▸ **Problem description**:
Copy the records below exactly, starting at the line that contains "Book Chitta Cholla" and ending at the line that contains "- Robustní konstrukce: Tento"; leave out any pictures.
Segment Start: Data
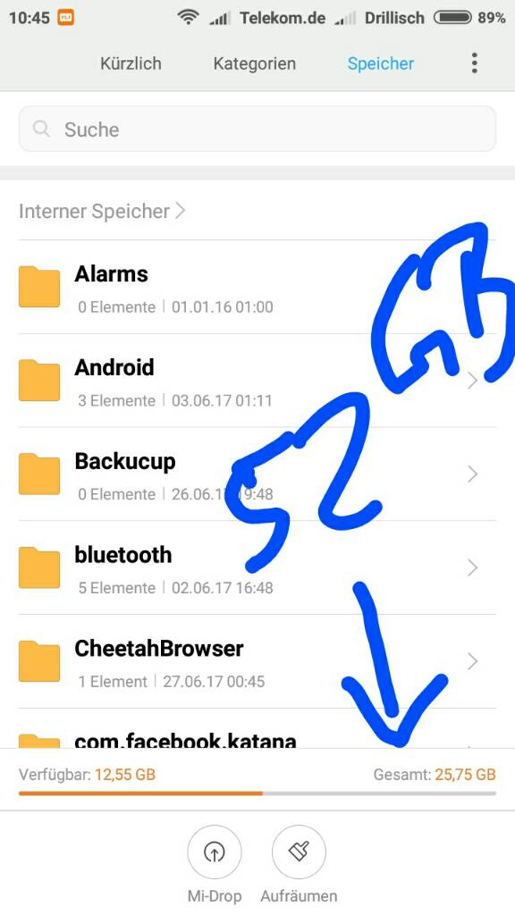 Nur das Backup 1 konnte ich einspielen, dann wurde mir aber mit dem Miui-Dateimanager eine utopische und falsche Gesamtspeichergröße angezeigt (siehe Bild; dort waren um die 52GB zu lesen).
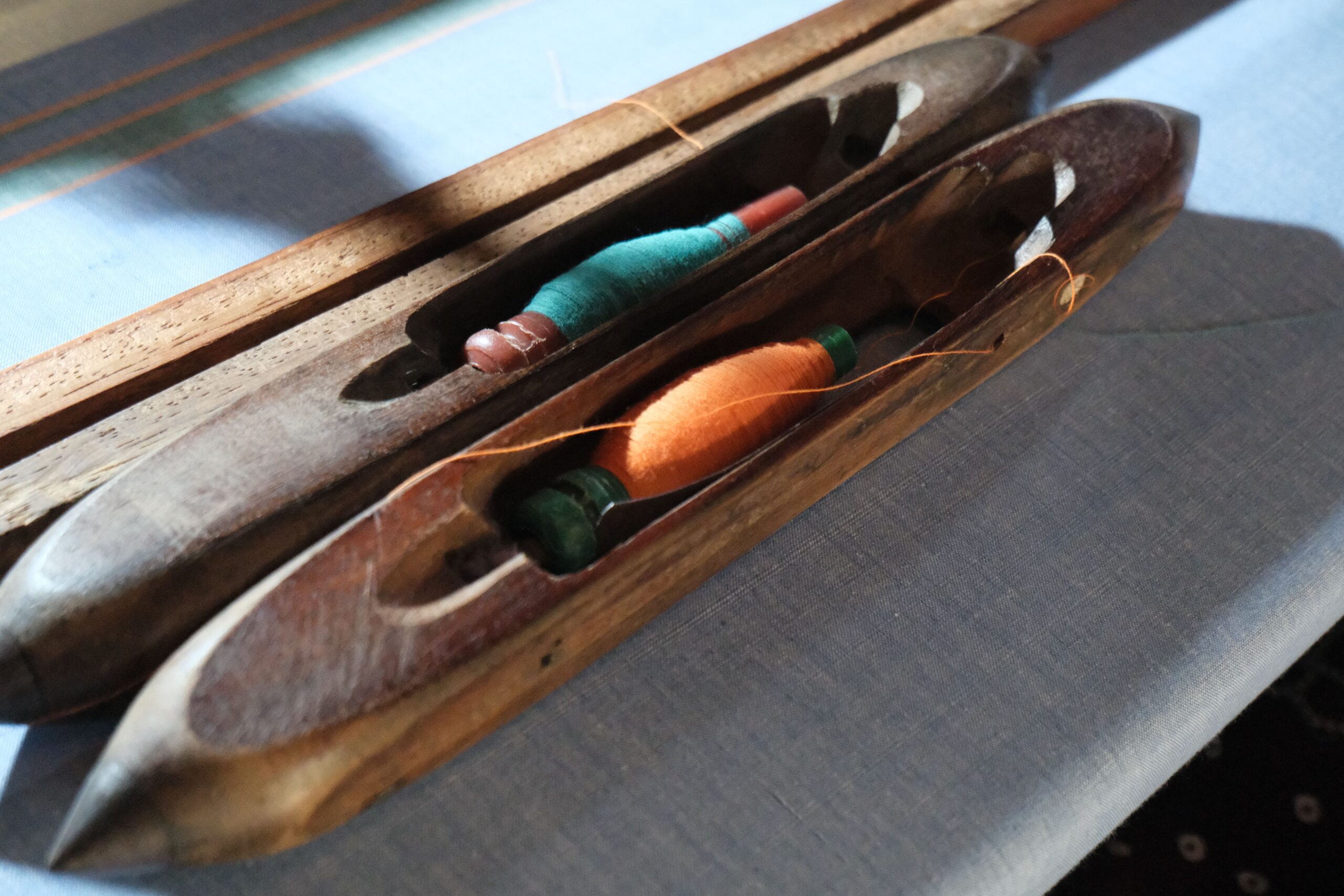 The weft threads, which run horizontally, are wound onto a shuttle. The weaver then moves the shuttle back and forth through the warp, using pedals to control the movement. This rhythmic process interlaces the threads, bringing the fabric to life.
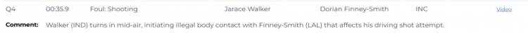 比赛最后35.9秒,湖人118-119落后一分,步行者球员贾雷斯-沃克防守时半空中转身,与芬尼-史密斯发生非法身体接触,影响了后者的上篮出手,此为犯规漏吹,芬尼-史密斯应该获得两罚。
Segment End: Data
Segment Start: Data
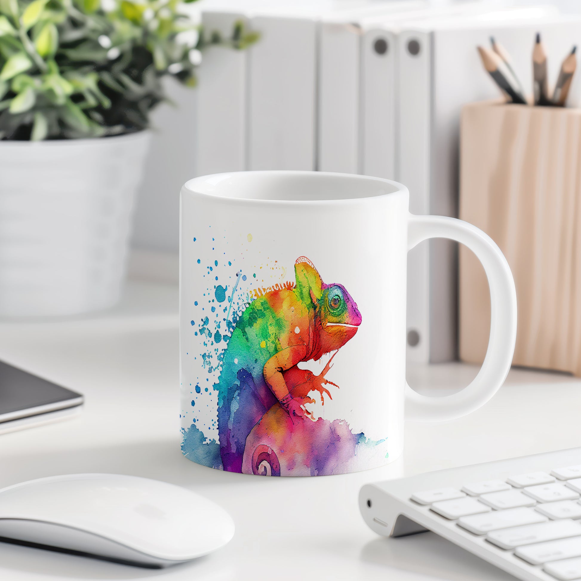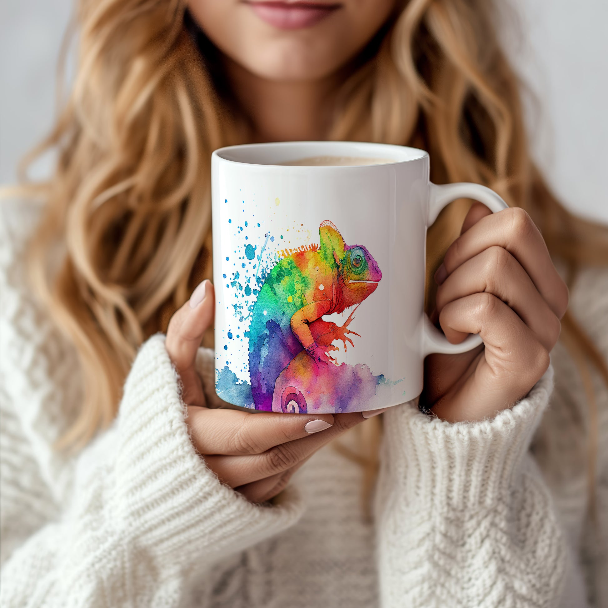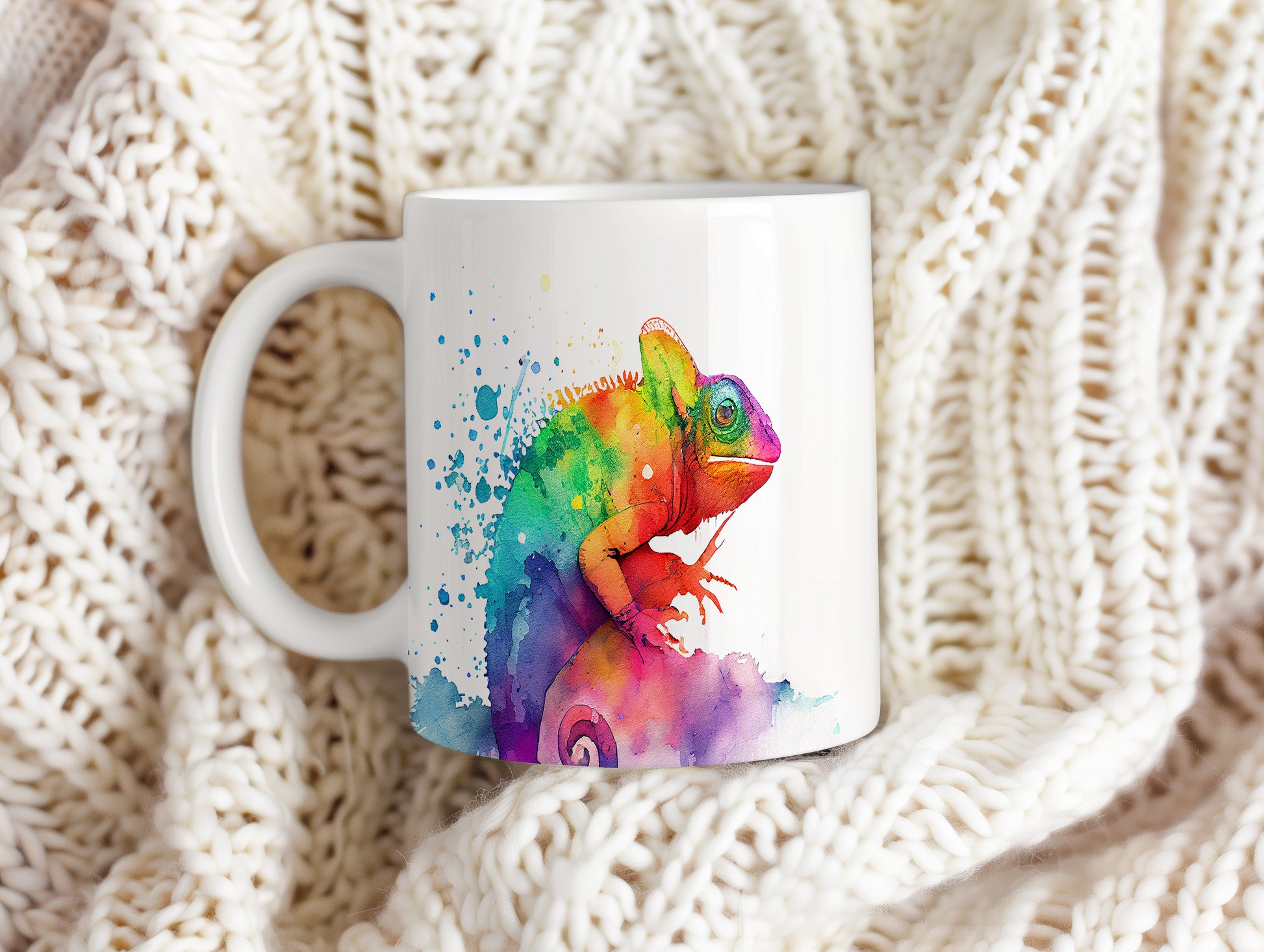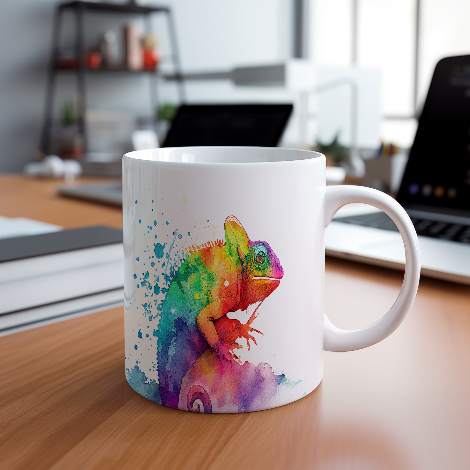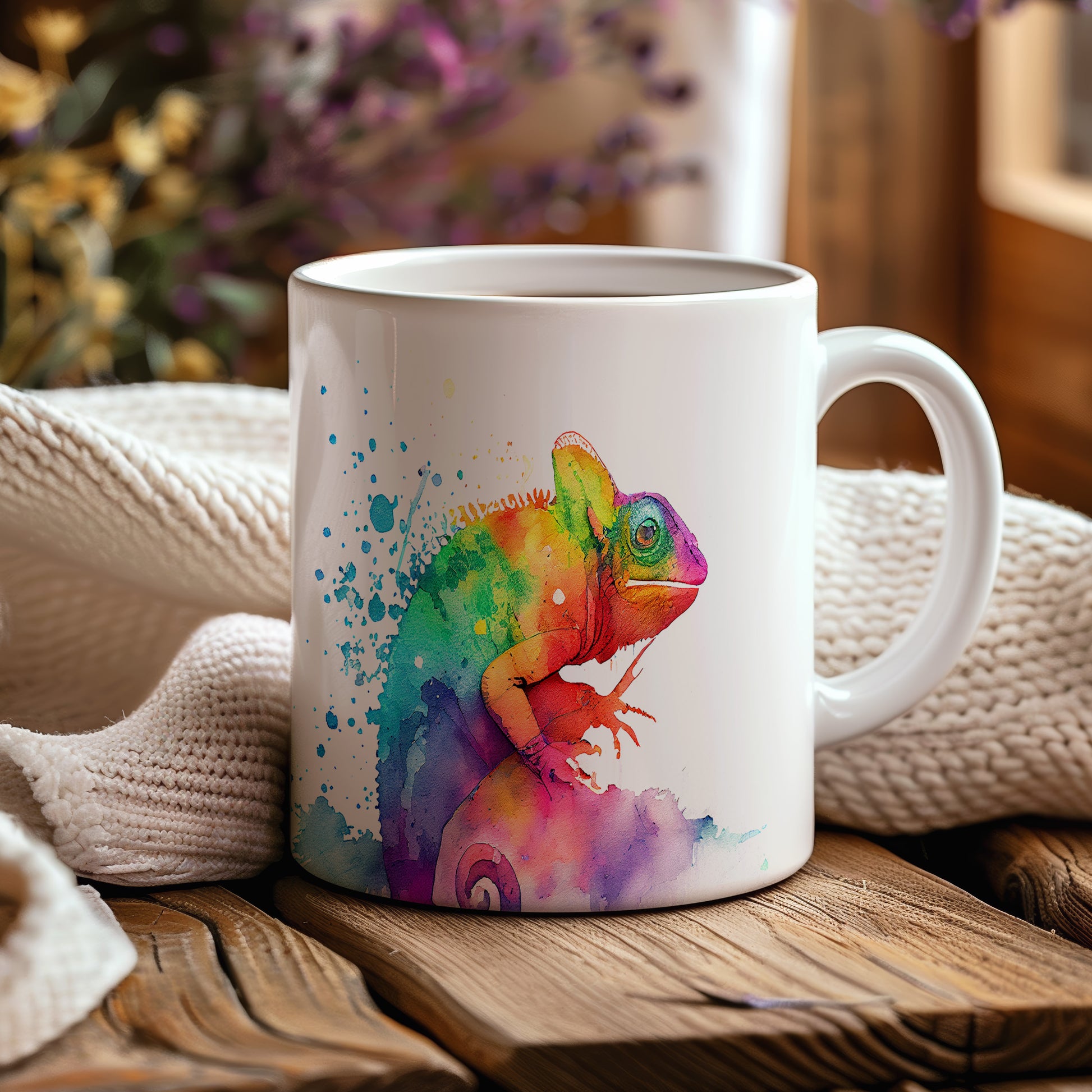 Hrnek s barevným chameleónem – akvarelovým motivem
Segment End: Data
Segment Start: Data
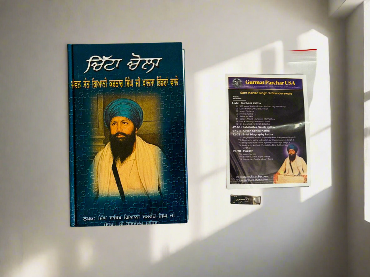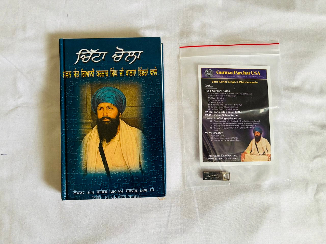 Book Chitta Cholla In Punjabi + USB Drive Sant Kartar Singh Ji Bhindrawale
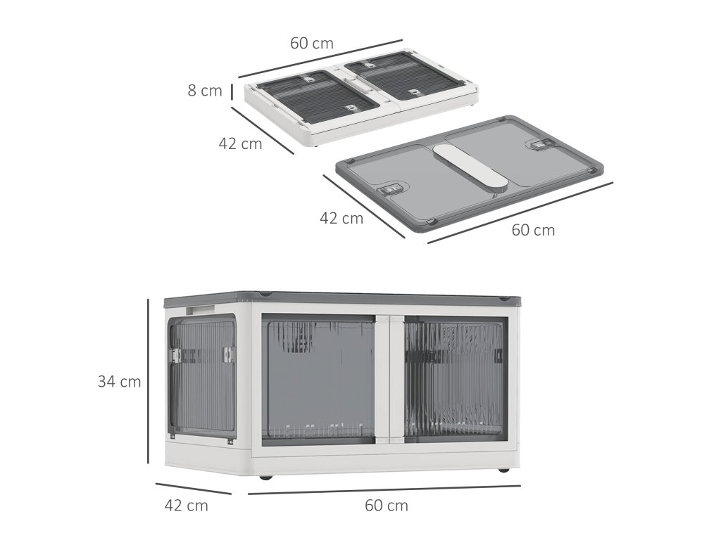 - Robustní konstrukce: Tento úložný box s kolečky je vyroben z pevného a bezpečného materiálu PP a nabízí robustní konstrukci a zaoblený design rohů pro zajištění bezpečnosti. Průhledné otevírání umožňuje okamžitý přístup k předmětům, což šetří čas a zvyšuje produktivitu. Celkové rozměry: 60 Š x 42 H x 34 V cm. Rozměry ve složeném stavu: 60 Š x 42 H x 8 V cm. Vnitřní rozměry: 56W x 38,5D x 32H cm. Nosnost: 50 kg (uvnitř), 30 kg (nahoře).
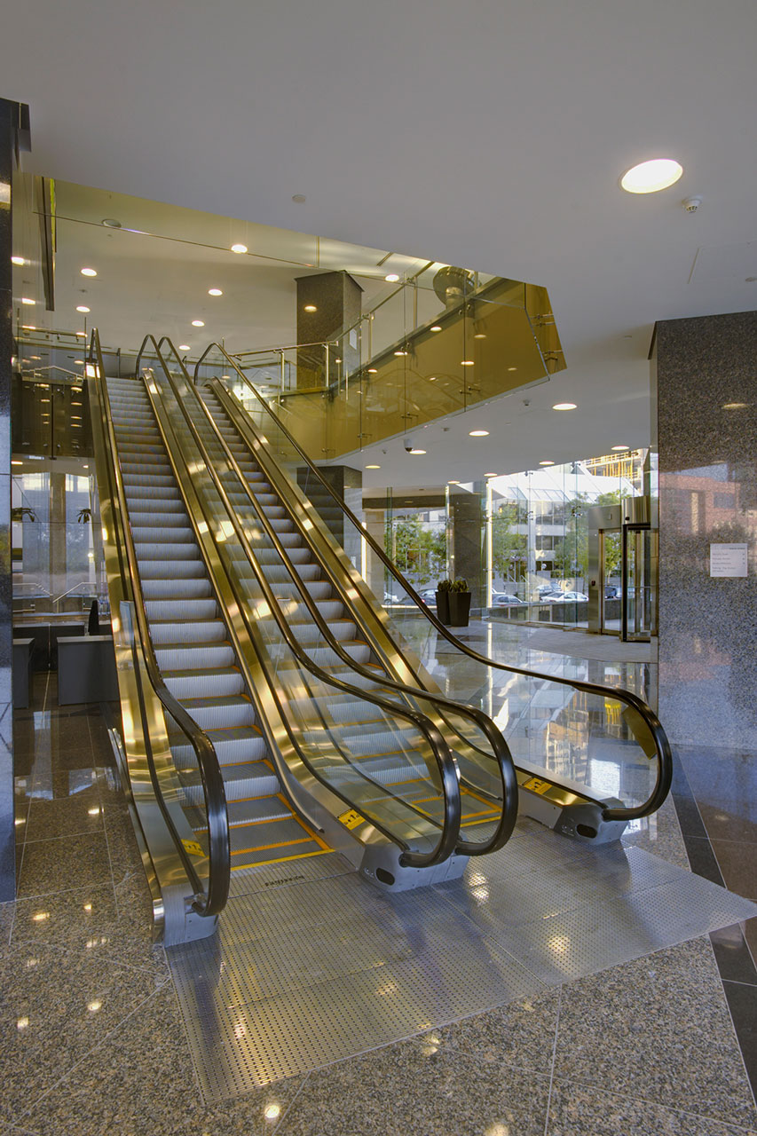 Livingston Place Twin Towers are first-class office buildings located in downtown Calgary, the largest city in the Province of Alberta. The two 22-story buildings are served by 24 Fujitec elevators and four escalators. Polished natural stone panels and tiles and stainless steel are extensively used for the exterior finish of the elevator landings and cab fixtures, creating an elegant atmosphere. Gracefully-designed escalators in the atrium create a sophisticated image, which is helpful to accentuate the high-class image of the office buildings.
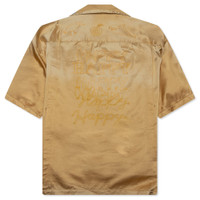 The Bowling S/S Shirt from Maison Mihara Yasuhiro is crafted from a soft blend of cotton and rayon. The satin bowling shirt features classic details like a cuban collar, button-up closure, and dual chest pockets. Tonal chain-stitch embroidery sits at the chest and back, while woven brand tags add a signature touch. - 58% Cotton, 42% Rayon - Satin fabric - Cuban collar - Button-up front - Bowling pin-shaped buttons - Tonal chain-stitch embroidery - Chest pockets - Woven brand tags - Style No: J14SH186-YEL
Segment End: Data
▸ **Written reply**:
 Book Chitta Cholla In Punjabi + USB Drive Sant Kartar Singh Ji Bhindrawale
 - Robustní konstrukce: Tento úložný box s kolečky je vyroben z pevného a bezpečného materiálu PP a nabízí robustní konstrukci a zaoblený design rohů pro zajištění bezpečnosti. Průhledné otevírání umožňuje okamžitý přístup k předmětům, což šetří čas a zvyšuje produktivitu. Celkové rozměry: 60 Š x 42 H x 34 V cm. Rozměry ve složeném stavu: 60 Š x 42 H x 8 V cm. Vnitřní rozměry: 56W x 38,5D x 32H cm. Nosnost: 50 kg (uvnitř), 30 kg (nahoře).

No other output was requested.